Cell phone data that is routinely collected by telecommunications providers can reveal changes of behavior in people who are diagnosed with a flu-like illness, while also protecting their anonymity, a new study finds. The Proceedings of the National Academy of Sciences (PNAS) published the research, led by computer scientists at Emory University and based on data drawn from a 2009 outbreak of H1N1 flu in Iceland.
“To our knowledge, our project is the first major, rigorous study to individually link passively-collected cell phone metadata with actual public health data,” says Ymir Vigfusson, assistant professor in Emory University’s Department of Computer Science and a first author of the study. “We’ve shown that it’s possible to do so without comprising privacy and that our method could potentially provide a useful tool to help monitor and control infectious disease outbreaks.”
The researchers collaborated with a major cell phone service provider in Iceland, along with public health officials of the island nation. They analyzed data for more than 90,000 encrypted cell phone numbers, which represents about a quarter of Iceland’s population. They were permitted to link the encrypted cell phone metadata to 1,400 anonymous individuals who received a clinical diagnosis of a flu-like illness during the H1N1 outbreak.

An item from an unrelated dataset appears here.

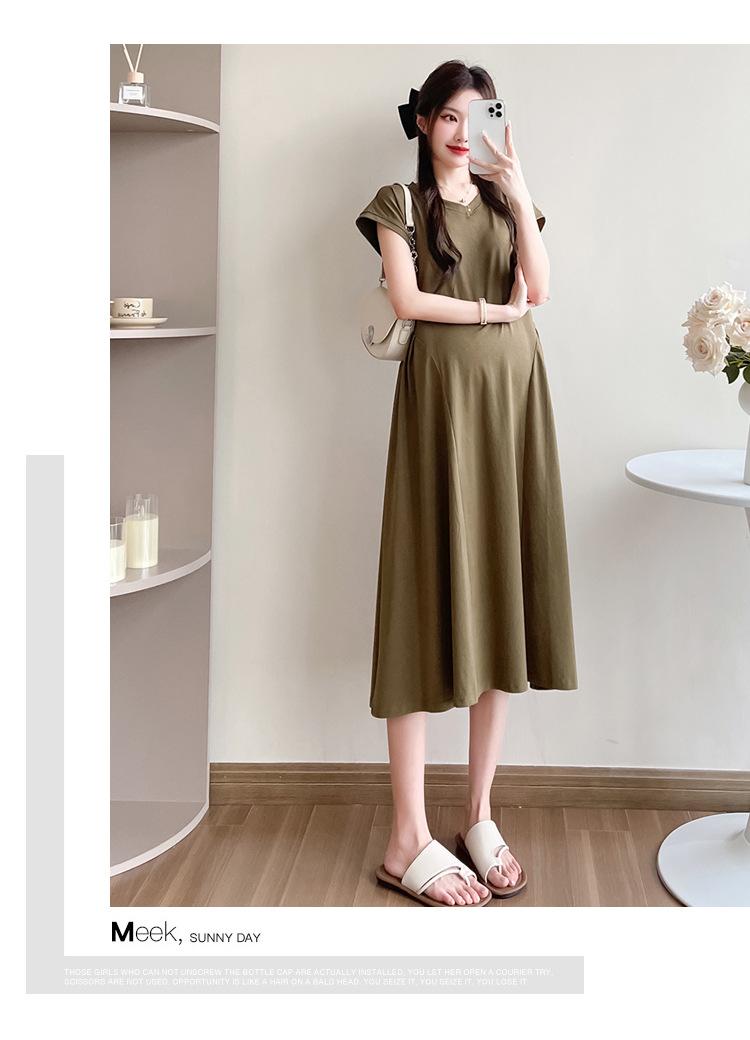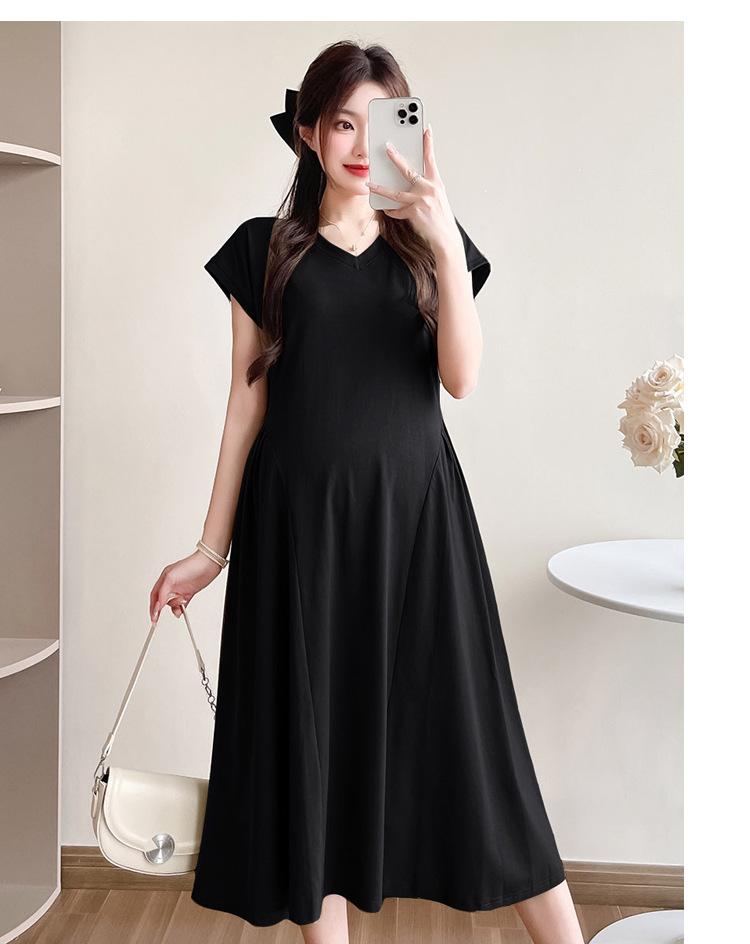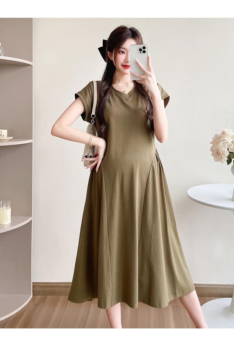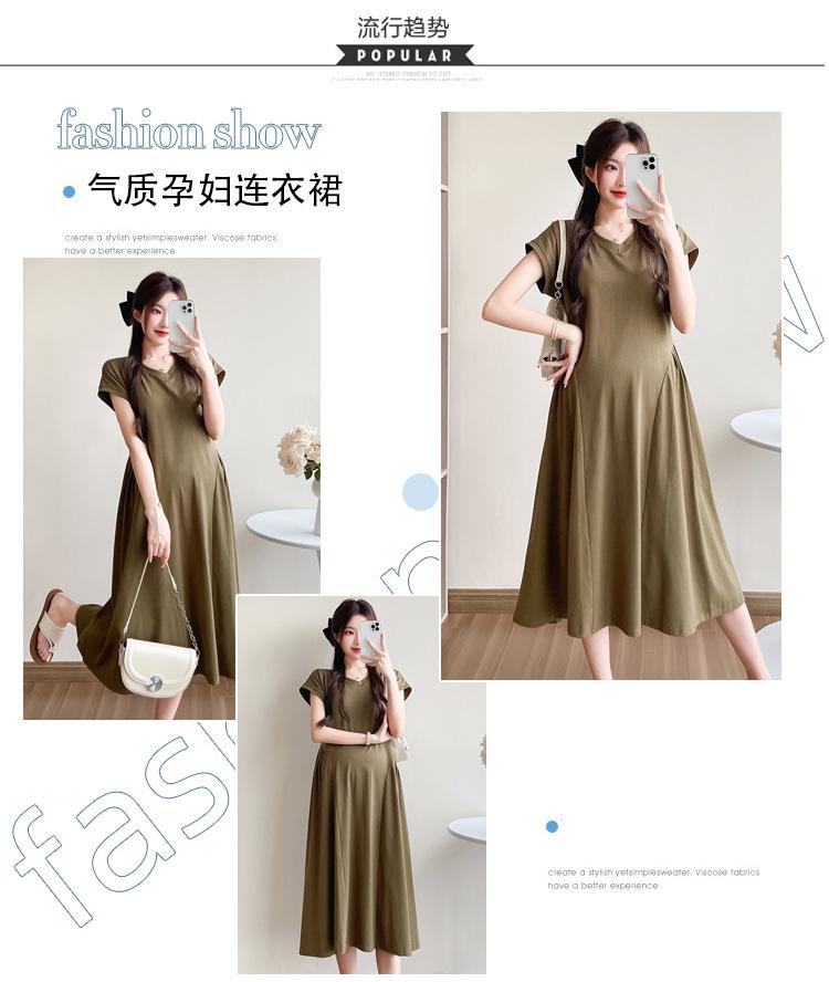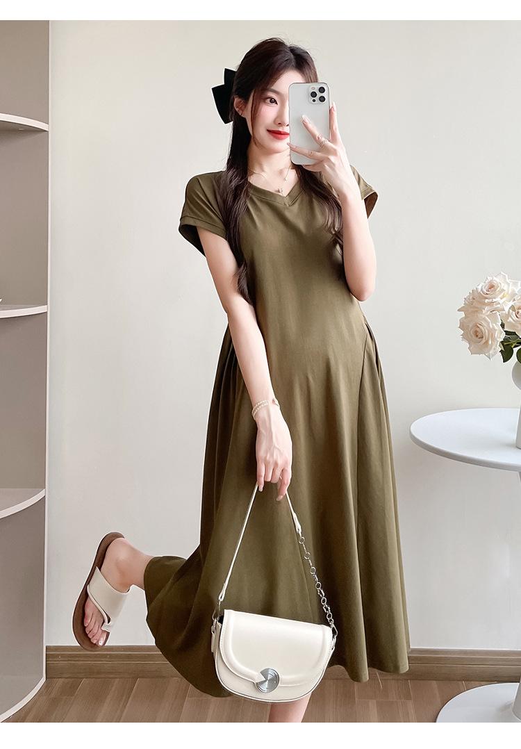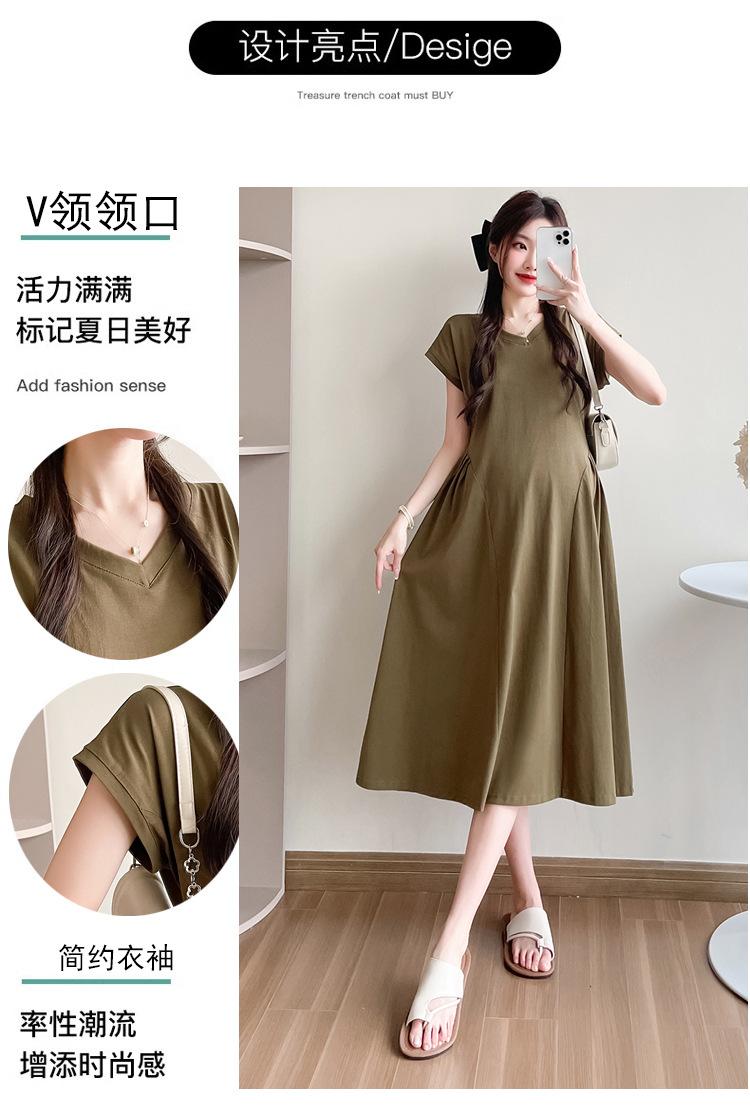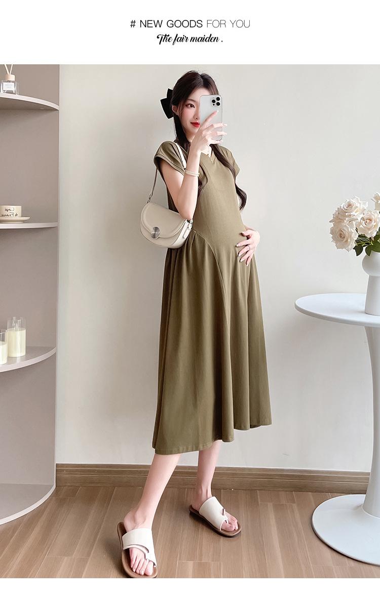 Vestido de maternidad de verano 2024, nuevo, estilo coreano, elegante, color sólido, adelgazante, con escote en V, largo medio, suelto, para embarazadas

“The individual linkage is key,” Vigfusson says. “Many public-health applications for smartphone data have emerged during the COVID-19 pandemic but tend to be based around correlations. In contrast, we can definitively measure the differences in routine behavior between the diagnosed group and the rest of the population.”
The results showed, on average, those who received a flu-like diagnosis changed their cell phone usage behavior a day before their diagnosis and the two-to-four days afterward: They made fewer calls, from fewer unique locations. On average, they also spent longer time than usual on the calls that they made on the day following their diagnosis.

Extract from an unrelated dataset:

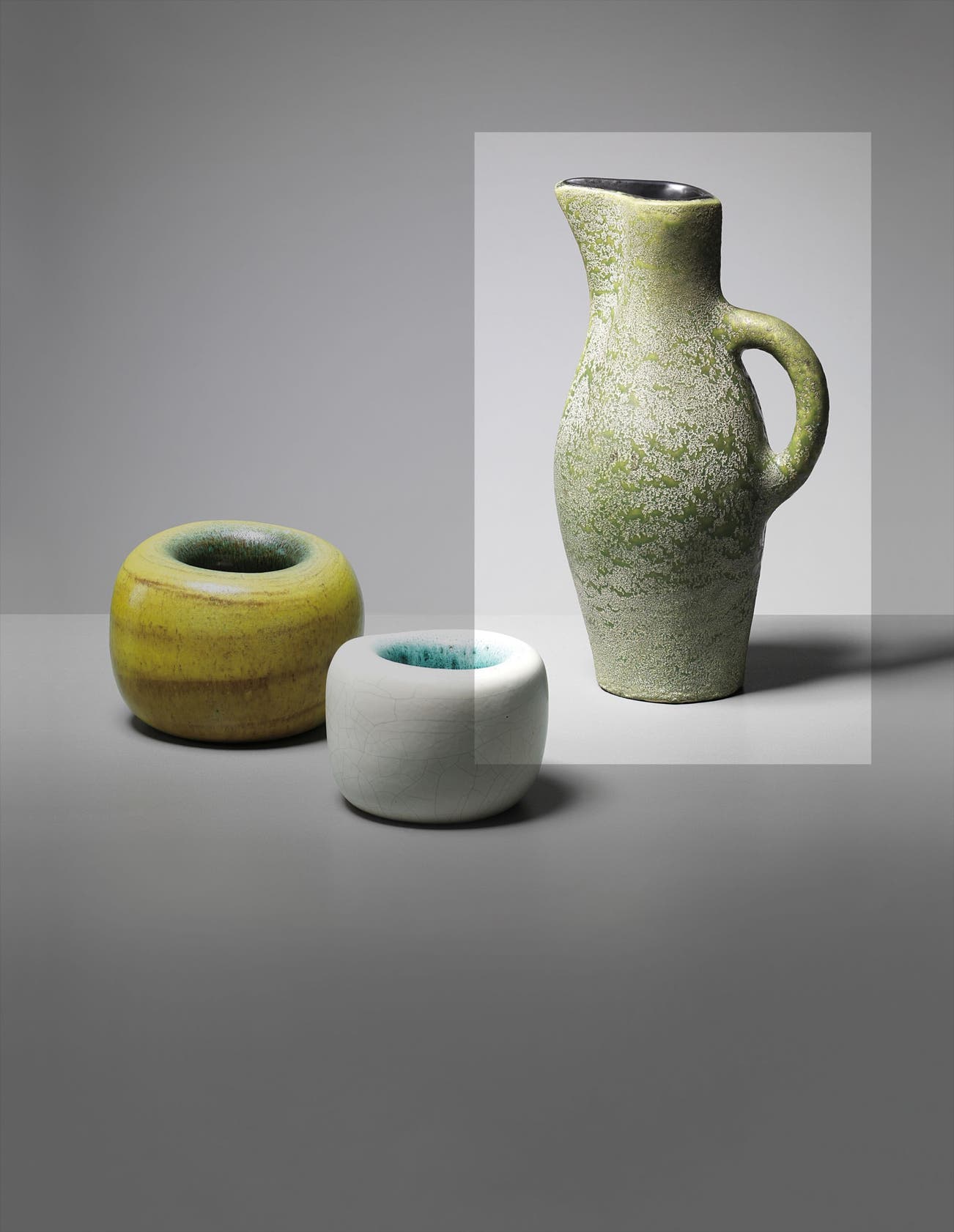 French | B. 1910 D. 1964Working out of his studio in Paris (and later in Aix-en-Provence), Georges Jouve produced sculptural ceramics for modernist interiors. Upon the invitation of Jacques Adnet, the director of the Compagnie des Arts Français (CAF), Jouve participated in various salons internationally and within France, including the Salon des Artistes Décorateurs. He created rigorously simple yet soft and playful forms, including plump, contrapposto vessels, rotund pitchers and cylindrical vases. His tireless experimentation of glazes led to a palette of perfect matte blacks, bone whites and joyful pops of lime green, lemony yellow and, occasionally, selenium red. Jouve's ceramics echo the organic modernism of his CAF colleagues, such as Charlotte Perriand and Serge Mouille.

The study, which began long before the COVID-19 pandemic, took 10 years to complete. “We were going into new territory and we wanted to make sure we were doing good science, not just fast science,” Vigfusson says. “We worked hard and carefully to develop protocols to protect privacy and conducted rigorous analyses of the data.”
Vignusson is an expert on data security and developing software and programming algorithms that work at scale.

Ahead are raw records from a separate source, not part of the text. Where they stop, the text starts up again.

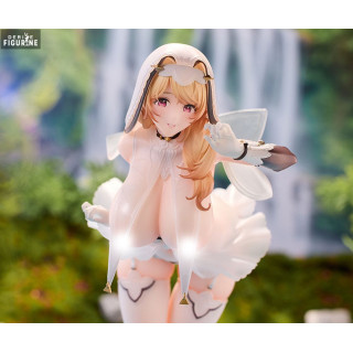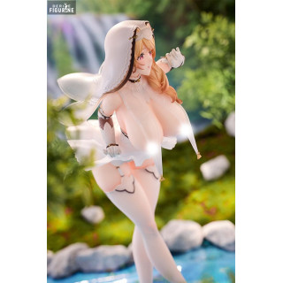 L'esthétique de la prêtresse est mise en valeur par une tenue légère et détaillée, rappelant ses origines sacrées et ses pouvoirs célestes. Le voile blanc qui encadre son visage et ses cheveux dorés ajoute une touche d'innocence à son apparence globale, contrastant avec la sensualité que dégage son costume. La figurine présente également des accessoires dorés subtils qui soulignent son statut de prêtresse. Cette prêtresse fait appel à des pouvoirs mystiques, symbolisés par des lumières éthérées sur son costume, qui apportent une touche magique à l'ensemble.
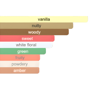 عطر غني وكريمي يجمع بين دفء المكسرات ونفحات الأزهار الناعمة مثل الياسمين وزنبق الوادي. تضيف اللمسات اللبنية ملمساً ناعماً وحسياً، بينما تمنح الفانيليا وفول التونكا قاعدة دافئة وحلوة تترك أثراً أنيقاً وجذاباً.
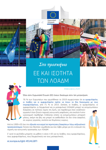 Σ’ αυτό το φυλλάδιο μπορείτε να μάθετε τι κάνει η ΕΕ για τις λεσβίες, τους ομοφυλόφιλους, τους αμφιφυλόφιλους, τους διεμφυλικούς και τους μεσοφυλικούς.
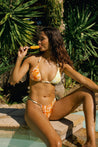 A timeless triangle-style bikini top featuring fun beading at the center and on each side. Bali pairs best with our Bora Bottom or Nocturnal Bottom.
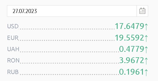 Euro și dolarul, în creștere. Banca Națională a stabilit pentru astăzi, 27 iulie, un curs de 17, 64 lei pentru un dolar, iar pentru un euro - 19,55.
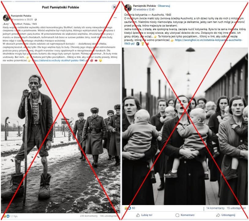 Przeanalizowaliśmy kilkadziesiąt ostatnich zdjęć na profilu i zauważyliśmy, że większość z nich została wygenerowana przez AI, a tylko niewielka część jest prawdziwa, m.in. to zdjęcie 14-letniej polskiej dziewczynki CzesŁawy Kwoki, która zginęła w 1943 roku w Auschwitz, oraz to pokazujące dzieci sfilmowane przez Armię Czerwoną po wyzwoleniu obozu w styczniu 1945; oraz zdjęcie przedstawiające niemieckiego Żyda Heinza Bluta, który zginął w Auschwitz w 1941 roku. Niektóre zdjęcia, jak to, są prawdziwe, ale pokazują serbską ofiarę egzekucji, lub to przedstawiające dwóch amerykańskich jeńców wojennych uwięzionych przez Japończyków w obozie Santo Tomas w czasie II wojny światowej, nie są związane z Polską ani z polską historią, jak sugeruje strona.
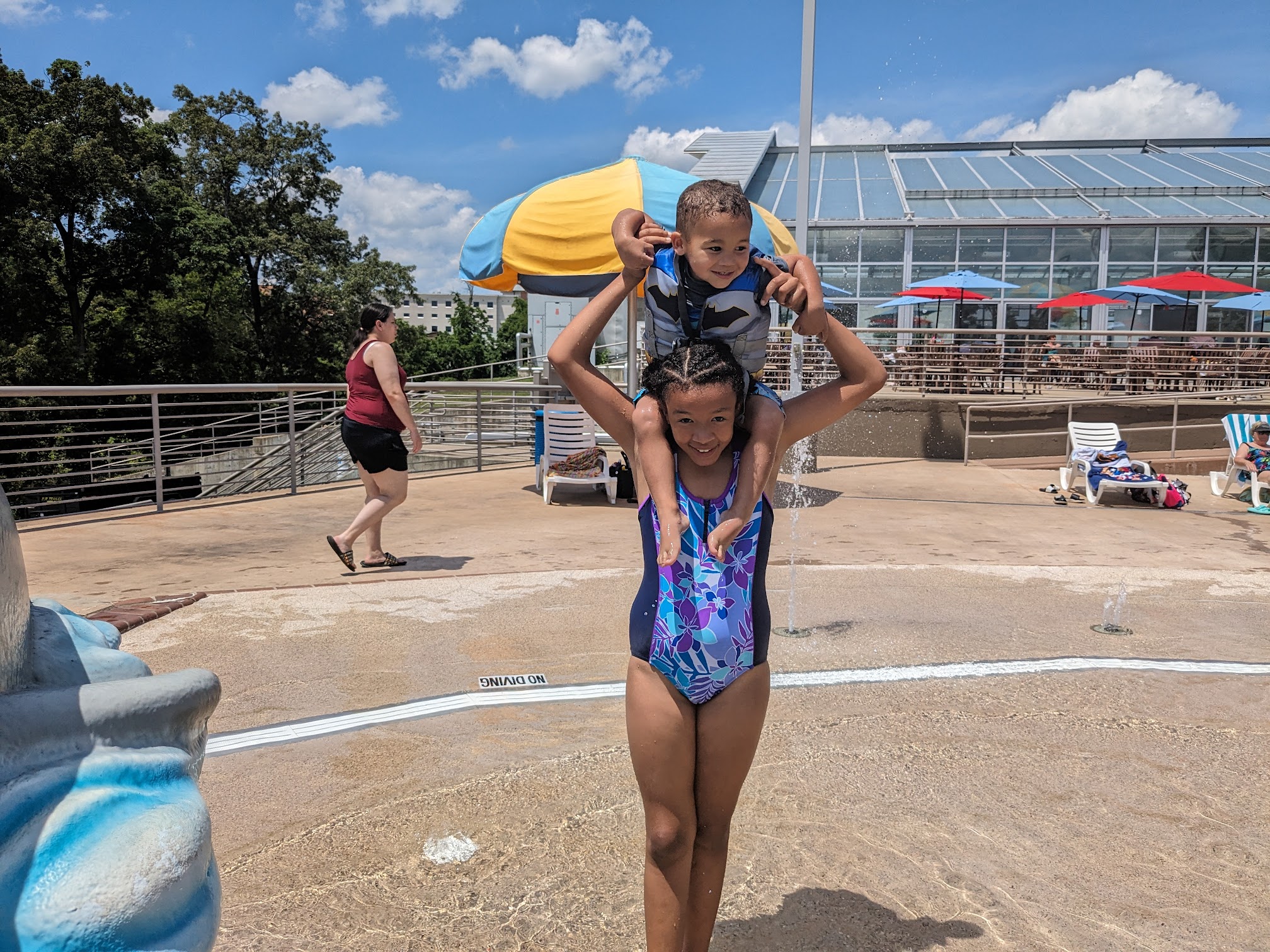 Wow! What a large water park this city should be proud of! From what I saw, it has a very impressive indoor and outdoor pools.. I also saw several slides in the outdoor section. What is great is there's a kiddie splash pad in the indoor pool area also. First time I've seen that. I'm not sure about the cost to use this facility as we were there for a swim meet. If you are in the area, check it out any time of the year.

He shares first authorship of the study with two of his former students: Thorgeir Karlsson, a graduate student at Reykjavik University who spent a year at Emory working on the project, and Derek Onken, a Ph.D. student in the Computer Science department. Senior author Leon Danon — from the University of Bristol, and the Alan Turing Institute of the British Library — conceived of the study.
While only about 40 percent of humanity has access to the Internet, cell phone ownership is ubiquitous, even in lower and middle-income countries, Vigfusson notes. And cell phone service providers routinely collect billing data that provide insights into the routine behaviors of a population, he adds.
“The COVID pandemic has raised awareness of the importance of monitoring and measuring the progression of an infectious disease outbreak, and how it is essentially a race against time,” Vigfusson says. “More people also realize that there will likely be more pandemics during our lifetimes. It is vital to have the right tools to give us the best possible information quickly about the state of an epidemic outbreak.”
Privacy concerns are a major reason why cell phone data has not been linked to public health data in the past. For the PNAS paper, the researchers developed a painstaking protocol to minimize these concerns.
The cell phone numbers were encrypted, and their owners were not identified by name, but by a unique numerical identifier not revealed to the researchers. These unique identifiers were used to link the cell phone data to de-identified health records.
“We were able to maintain anonymity for individuals throughout the process,” Vigfusson says. “The cell phone provider did not learn about any individual’s health diagnosis and the health department did not learn about any individual’s phone behaviors.”
The study encompassed 1.5 billion call record data points including calls made, the dates of the calls, the cell tower location where the calls originated and the duration of the calls. The researchers linked this data to clinical diagnoses of a flu-like illness made by a health providers in a central database. Laboratory confirmation of influenza was not required.
The analyses of the data focused on 29 days surrounding each clinical diagnosis, and looked at changes in mobility, the number of calls made and the duration of the calls. They measured these same factors during the same time period for location-matched controls.
“Even though individual cell phones generated only a few data points per day, we were able to see a pattern where the population was behaving differently near the time they were diagnosed with a flu-like illness,” Vigfusson says.
While the findings are significant, they represent only a first step for the possible broader use of the method, Vigfusson adds. The current work was limited to the unique environment of Iceland: An island with only one port of entry and a fairly homogenous, affluent and small population. It was also limited to a single infectious disease, H1N1, and those who received a clinical diagnosis for a flu-like illness.
“Our work contributes to the discussion of what kinds of anonymous data lineages might be useful for public health monitoring purposes,” Vigfusson says. “We hope that others will build on our efforts and study whether our method can be adapted for use in other places and for other infectious diseases.”
The work was funded by the Icelandic Center for Research, Emory University, the National Science Foundation, the Leverhulme Trust, the Alan Turing Institute, the Medical Research Council and a hardware donation from NVIDIA Corporation.